Apical periodontitis, an inflammatory process around the apex of a tooth root, is a remarkably widespread problem. Clinical experience shows that inadequate root canal treatments can remain healthy for many years, and that properly treated root canals can become infected. This leads to the conclusion that unidentified factors such as epigenetic aging may be critical for the success or failure of endodontic treatments. Up to date there are no clear recommendations for clinicians for the treatment of periapical lesions as a function of age. Our experiments establish a mouse model measuring the clinical and epigenetic parameters of a periapical inflammatory process in young vs. adult mice, working towards a tool to study the role of epigenetic aging in mouse periapical inflammation.

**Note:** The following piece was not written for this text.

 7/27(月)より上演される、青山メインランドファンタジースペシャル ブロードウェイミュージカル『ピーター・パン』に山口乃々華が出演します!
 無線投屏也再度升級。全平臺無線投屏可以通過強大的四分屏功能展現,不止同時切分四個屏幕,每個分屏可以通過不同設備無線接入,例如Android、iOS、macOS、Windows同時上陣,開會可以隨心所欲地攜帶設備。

We use micro-CT, immunohistochemistry, FACS analysis and DNA methylation sequencing methods to characterize the immune response of mice to periapical lesion formation. 

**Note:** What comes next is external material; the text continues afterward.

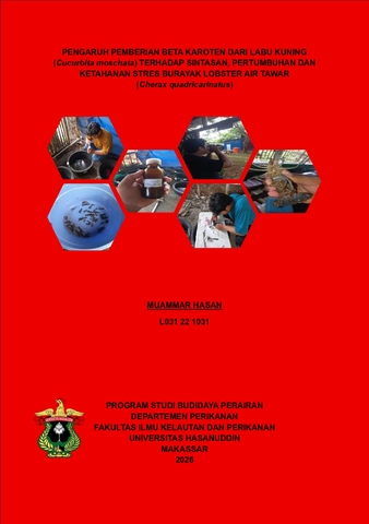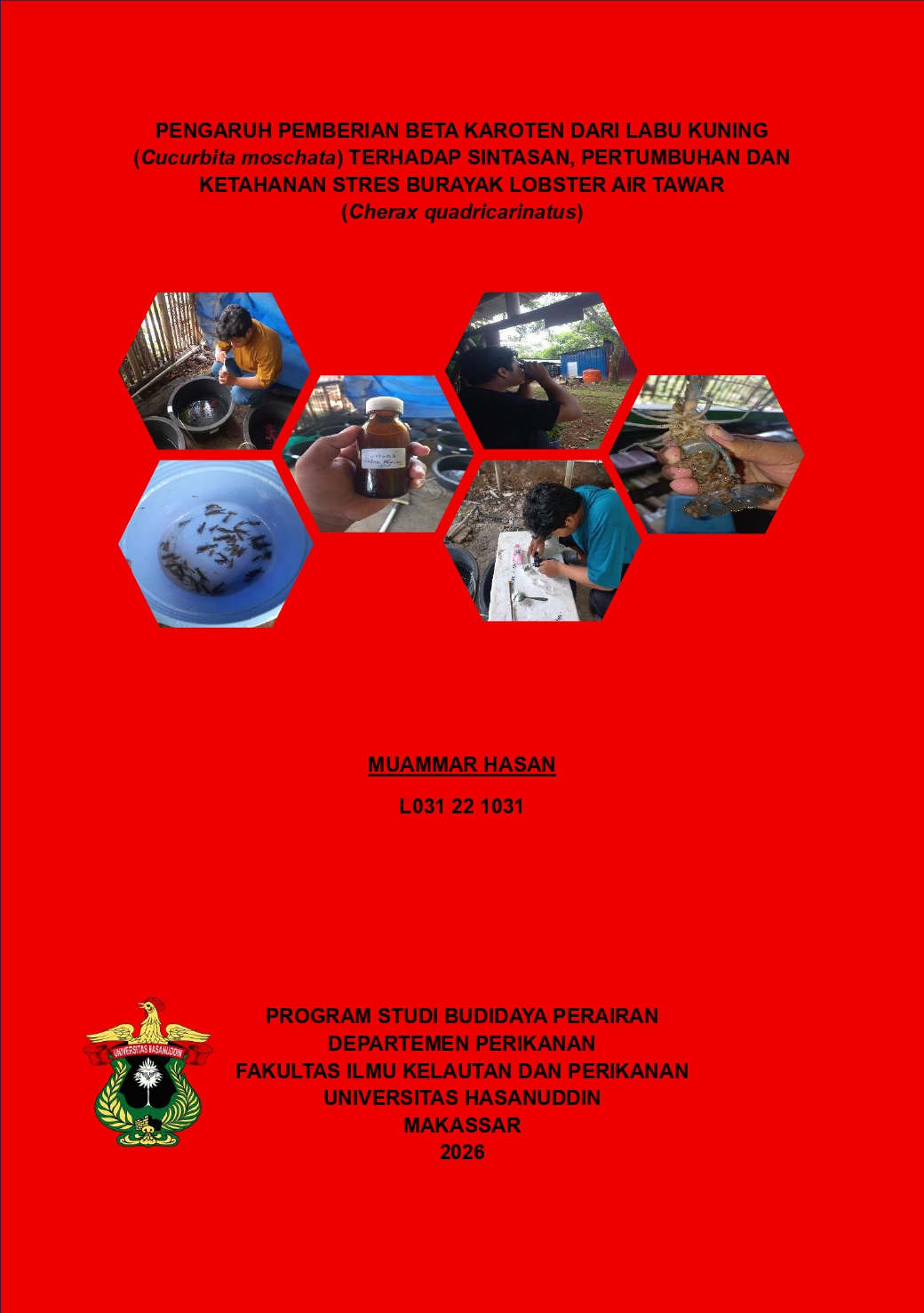 HASAN, MUAMMAR (2026) Pengaruh Pemberian Beta Karoten dari Labu Kuning (Cucurbita moschata) terhadap Sintasan, Pertumbuhan, dan Ketahanan Stres Burayak Lobster Air Tawar (Cherax quadricarinatus) = The Effect of Beta-Carotene from Pumpkin (Cucurbita moschata) on Survival, Growth, and Stress Resistance of Freshwater Crayfish Larvae (Cherax quadricarinatus). Skripsi thesis, Universitas Hasanuddin.

GASP and prolonged starvation in eukaryotes:

The world around us is full of life, but its vast majority is found in a starved, stressed quiescent or dormant state, known as stationary phase cells, cells in G0, and spores. Despite its prevalence and obvious importance, our knowledge about population dynamics of cells during quiescence is poor. Most of our knowledge comes from experiments using bacteria, using long-term stationary phase (LTSP) cultures. Although bacteria in stationary phase seem static, some cell divisions do occur and eventually give rise to resistant mutants which take over the entire culture in these LTSP cultures. Interestingly, these cells eventually outcompete their parental strains in growth competition experiments. These mutants are termed growth advantage in stationary phase (GASP) phenotype. These cells use several strategies such as reduced growth rate to be able to transiently survive stressful conditions. Despite some work being done on these bacterial survivors, and some forms of persisters being found in eukaryotes, the extent to which GASP and persisters phenotype appear in LTSP cultures of eukaryotic organisms has not been studied. 

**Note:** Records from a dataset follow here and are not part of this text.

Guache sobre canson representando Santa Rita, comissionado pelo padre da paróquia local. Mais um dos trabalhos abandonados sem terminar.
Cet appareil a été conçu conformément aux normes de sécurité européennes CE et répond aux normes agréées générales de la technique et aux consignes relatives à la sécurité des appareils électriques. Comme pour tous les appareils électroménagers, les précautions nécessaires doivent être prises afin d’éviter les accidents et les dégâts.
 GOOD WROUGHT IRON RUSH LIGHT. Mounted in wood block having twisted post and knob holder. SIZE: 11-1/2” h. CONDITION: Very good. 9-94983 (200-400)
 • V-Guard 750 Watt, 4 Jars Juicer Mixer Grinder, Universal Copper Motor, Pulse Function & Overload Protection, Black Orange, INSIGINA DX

We aim to characterize the response of eukaryotic cells to long-term stress and apply lessons learned in the research of bacteria to this system. So far, we have managed to isolate yeast cells from a LTSP culture in the form of a 1.5 years old unfiltered beer bottle. These yeast cells show all the hallmark phenotypes of GASP mutants, namely being more resistant to various stress conditions than the parental strain, being a repeatable genetic phenomenon, showing stable phenotypes and being not transient as in persisters. 

We use genomic tools as well a phenotypic analysis in yeast and cancer cell lines to characterize GASP in eukaryotes

A taste from the past- yeast revival from ancient beer pots:

Beer is one of the oldest and basic consumed products in human culture. Recipes of beer brewing were found in Mesopotamian and Egyptian archeological sites. So far, attempts to reconstruct ancient beer were done using modern cultivated yeast.

We have recently succeeded, in a proof of concept experiment, to isolate a yeast strain which produced a flavorful beer from a 5000 years old Egyptian vessel found in Israel. Using many control samples, we found that this yeast is uniquely found in this vessel and most probably does not originate from the surrounding environment. Moreover, it was not found in vessels which did not contain beer from the same site or in modern pots, suggesting that it is not a natural clay inhabitant. Using modern genomic tools, we intend to characterize the genomic features of these yeast cells and what enabled them to survive for so long. 

This project is expected to yield knowledge about the evolution and the cultivation of beer yeast and about the production of one of the most important and common beverages among many cultures since the beginning of civilization, in a unique collaboration of archeologists, microbiologists, bioinformaticians and beer brewing experts. As a bonus, this project allows modern-time people to taste beer from the time of our ancestors.